▶ What to do:
Which lines of the listing hold the string "both"? Copy those lines.
=== Study material ===
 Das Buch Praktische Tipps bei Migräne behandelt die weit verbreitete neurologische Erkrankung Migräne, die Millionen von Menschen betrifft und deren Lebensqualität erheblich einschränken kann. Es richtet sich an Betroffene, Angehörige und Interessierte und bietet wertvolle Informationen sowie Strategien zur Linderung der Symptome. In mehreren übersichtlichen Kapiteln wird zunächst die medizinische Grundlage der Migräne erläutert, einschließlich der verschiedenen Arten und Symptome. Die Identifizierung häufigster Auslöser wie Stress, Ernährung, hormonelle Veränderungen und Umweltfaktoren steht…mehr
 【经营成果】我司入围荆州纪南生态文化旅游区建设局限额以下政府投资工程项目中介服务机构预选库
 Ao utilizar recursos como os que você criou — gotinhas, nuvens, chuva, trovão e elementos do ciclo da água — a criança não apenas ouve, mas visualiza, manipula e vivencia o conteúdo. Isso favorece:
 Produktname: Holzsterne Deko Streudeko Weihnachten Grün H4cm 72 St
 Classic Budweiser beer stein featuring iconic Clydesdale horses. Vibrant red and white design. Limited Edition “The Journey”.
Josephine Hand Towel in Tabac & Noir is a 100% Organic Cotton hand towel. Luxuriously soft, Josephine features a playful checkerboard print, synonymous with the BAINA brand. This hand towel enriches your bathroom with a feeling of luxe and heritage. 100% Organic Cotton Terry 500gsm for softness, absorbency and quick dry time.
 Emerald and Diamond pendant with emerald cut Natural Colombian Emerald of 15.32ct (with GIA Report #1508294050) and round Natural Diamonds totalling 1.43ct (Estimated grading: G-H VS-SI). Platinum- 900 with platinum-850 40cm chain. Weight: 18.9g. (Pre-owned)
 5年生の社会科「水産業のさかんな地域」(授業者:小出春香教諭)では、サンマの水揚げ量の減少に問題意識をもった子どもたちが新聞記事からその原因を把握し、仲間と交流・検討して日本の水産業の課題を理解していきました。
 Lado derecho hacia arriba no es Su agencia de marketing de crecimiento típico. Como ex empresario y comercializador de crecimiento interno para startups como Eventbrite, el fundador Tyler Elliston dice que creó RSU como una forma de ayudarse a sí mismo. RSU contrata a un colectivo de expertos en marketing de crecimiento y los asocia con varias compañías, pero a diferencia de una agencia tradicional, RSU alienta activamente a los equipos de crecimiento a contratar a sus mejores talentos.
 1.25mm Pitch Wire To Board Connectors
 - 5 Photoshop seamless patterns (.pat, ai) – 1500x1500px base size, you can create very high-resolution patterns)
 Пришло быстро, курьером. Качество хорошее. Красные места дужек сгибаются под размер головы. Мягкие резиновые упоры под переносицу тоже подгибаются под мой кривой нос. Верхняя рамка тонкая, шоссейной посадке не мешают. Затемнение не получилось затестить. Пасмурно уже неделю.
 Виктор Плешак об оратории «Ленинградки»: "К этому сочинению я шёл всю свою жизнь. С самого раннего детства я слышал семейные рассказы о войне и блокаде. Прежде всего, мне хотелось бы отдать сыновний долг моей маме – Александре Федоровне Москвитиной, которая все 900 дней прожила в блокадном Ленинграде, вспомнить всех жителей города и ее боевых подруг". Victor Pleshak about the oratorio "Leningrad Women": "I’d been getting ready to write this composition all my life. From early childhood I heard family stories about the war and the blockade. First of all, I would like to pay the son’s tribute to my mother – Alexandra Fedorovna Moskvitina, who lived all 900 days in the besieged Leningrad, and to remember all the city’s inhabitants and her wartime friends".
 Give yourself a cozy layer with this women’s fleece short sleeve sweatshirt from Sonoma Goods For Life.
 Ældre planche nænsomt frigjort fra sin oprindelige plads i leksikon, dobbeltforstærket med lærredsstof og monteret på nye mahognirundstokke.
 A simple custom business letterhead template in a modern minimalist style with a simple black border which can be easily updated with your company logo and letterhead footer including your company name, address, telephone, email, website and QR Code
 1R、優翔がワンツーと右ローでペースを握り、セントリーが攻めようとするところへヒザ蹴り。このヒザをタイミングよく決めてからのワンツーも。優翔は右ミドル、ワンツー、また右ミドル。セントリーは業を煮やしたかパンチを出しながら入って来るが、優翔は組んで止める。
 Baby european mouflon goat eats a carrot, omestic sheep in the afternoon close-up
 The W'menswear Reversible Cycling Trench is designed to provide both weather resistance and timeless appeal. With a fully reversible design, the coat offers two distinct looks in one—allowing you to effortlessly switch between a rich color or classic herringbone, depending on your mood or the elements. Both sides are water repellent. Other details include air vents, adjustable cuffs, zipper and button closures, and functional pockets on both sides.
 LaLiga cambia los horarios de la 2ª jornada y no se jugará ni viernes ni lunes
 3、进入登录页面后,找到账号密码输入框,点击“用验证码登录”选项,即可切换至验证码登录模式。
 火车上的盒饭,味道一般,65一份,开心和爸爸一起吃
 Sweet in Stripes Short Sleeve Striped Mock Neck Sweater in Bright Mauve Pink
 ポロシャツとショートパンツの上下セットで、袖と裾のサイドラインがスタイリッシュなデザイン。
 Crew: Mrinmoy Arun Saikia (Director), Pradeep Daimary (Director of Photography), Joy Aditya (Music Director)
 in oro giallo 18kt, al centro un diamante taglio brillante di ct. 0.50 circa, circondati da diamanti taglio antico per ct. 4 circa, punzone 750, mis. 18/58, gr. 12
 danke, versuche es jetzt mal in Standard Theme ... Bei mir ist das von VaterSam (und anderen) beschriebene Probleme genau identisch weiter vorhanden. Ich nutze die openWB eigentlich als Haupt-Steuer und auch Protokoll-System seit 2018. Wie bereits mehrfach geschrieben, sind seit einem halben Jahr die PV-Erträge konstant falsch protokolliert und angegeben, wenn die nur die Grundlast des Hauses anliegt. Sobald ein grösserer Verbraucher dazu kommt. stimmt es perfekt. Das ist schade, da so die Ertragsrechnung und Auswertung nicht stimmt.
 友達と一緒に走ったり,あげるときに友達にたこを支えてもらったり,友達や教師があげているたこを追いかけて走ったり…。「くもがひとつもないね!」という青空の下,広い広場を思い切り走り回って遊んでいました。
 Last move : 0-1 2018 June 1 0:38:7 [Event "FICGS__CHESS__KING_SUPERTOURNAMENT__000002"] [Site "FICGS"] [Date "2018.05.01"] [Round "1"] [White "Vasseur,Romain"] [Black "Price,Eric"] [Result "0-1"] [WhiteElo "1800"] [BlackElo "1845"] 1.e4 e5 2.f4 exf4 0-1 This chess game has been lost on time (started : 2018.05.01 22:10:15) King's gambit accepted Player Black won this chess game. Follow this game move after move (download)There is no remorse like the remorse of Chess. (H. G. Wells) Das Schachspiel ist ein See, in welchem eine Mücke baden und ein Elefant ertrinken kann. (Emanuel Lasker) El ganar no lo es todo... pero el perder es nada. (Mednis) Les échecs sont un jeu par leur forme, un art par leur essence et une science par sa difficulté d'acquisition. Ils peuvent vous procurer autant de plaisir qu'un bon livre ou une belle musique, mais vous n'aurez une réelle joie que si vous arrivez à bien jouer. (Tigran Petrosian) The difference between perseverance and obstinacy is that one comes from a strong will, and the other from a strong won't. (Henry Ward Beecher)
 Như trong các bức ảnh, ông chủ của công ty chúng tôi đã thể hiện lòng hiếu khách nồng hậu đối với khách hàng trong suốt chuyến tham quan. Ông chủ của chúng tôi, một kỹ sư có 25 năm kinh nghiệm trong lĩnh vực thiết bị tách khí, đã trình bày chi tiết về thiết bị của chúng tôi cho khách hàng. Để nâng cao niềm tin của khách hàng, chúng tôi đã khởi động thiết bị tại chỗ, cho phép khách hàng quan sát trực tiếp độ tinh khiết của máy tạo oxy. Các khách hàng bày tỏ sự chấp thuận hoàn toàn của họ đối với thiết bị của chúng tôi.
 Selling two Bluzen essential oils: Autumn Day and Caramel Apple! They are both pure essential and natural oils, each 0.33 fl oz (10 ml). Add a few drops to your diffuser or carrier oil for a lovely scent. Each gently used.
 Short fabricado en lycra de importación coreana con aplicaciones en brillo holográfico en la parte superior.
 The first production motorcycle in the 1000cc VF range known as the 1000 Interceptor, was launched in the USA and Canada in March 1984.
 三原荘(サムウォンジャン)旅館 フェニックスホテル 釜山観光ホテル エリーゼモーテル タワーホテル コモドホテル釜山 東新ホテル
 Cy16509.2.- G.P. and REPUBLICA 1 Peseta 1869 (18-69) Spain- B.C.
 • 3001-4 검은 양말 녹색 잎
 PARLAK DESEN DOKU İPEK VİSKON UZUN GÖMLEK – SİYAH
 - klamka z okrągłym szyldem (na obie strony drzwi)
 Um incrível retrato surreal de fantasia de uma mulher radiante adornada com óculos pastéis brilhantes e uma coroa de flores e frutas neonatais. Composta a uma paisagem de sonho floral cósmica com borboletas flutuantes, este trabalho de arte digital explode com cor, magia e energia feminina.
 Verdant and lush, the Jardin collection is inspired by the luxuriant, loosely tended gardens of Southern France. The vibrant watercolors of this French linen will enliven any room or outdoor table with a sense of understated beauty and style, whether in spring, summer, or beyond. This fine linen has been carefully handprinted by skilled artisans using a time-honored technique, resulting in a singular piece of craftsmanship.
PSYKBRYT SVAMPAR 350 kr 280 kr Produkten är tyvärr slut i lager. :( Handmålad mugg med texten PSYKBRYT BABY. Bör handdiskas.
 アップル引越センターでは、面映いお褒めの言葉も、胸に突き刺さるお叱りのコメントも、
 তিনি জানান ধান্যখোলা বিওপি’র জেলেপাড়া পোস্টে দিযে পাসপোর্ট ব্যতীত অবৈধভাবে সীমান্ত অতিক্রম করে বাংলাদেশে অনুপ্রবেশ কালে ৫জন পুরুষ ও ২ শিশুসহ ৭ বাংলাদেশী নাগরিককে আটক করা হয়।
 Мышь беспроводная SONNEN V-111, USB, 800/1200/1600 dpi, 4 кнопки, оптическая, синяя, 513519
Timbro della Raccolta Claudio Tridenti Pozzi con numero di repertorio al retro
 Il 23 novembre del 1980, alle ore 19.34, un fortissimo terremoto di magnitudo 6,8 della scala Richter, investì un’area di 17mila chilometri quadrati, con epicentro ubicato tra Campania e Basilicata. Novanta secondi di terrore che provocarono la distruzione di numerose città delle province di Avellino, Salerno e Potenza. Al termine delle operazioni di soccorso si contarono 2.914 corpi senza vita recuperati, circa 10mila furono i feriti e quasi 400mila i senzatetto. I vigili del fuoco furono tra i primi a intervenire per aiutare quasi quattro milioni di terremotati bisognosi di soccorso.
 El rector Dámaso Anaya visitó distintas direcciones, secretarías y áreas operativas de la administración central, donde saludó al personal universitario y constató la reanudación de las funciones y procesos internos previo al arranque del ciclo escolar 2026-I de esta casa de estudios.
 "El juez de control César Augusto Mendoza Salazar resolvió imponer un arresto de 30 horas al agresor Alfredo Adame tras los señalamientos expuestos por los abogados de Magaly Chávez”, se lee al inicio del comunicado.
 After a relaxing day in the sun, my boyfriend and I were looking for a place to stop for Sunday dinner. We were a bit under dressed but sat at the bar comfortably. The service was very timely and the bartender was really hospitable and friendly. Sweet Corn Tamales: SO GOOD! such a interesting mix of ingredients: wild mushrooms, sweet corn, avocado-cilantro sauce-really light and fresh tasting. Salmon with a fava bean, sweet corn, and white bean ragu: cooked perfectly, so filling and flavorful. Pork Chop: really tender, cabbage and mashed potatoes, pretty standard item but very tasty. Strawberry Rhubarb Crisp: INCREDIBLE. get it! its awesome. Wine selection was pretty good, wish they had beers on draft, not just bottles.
===
▶ Task answer:
 The W'menswear Reversible Cycling Trench is designed to provide both weather resistance and timeless appeal. With a fully reversible design, the coat offers two distinct looks in one—allowing you to effortlessly switch between a rich color or classic herringbone, depending on your mood or the elements. Both sides are water repellent. Other details include air vents, adjustable cuffs, zipper and button closures, and functional pockets on both sides.
 Selling two Bluzen essential oils: Autumn Day and Caramel Apple! They are both pure essential and natural oils, each 0.33 fl oz (10 ml). Add a few drops to your diffuser or carrier oil for a lovely scent. Each gently used.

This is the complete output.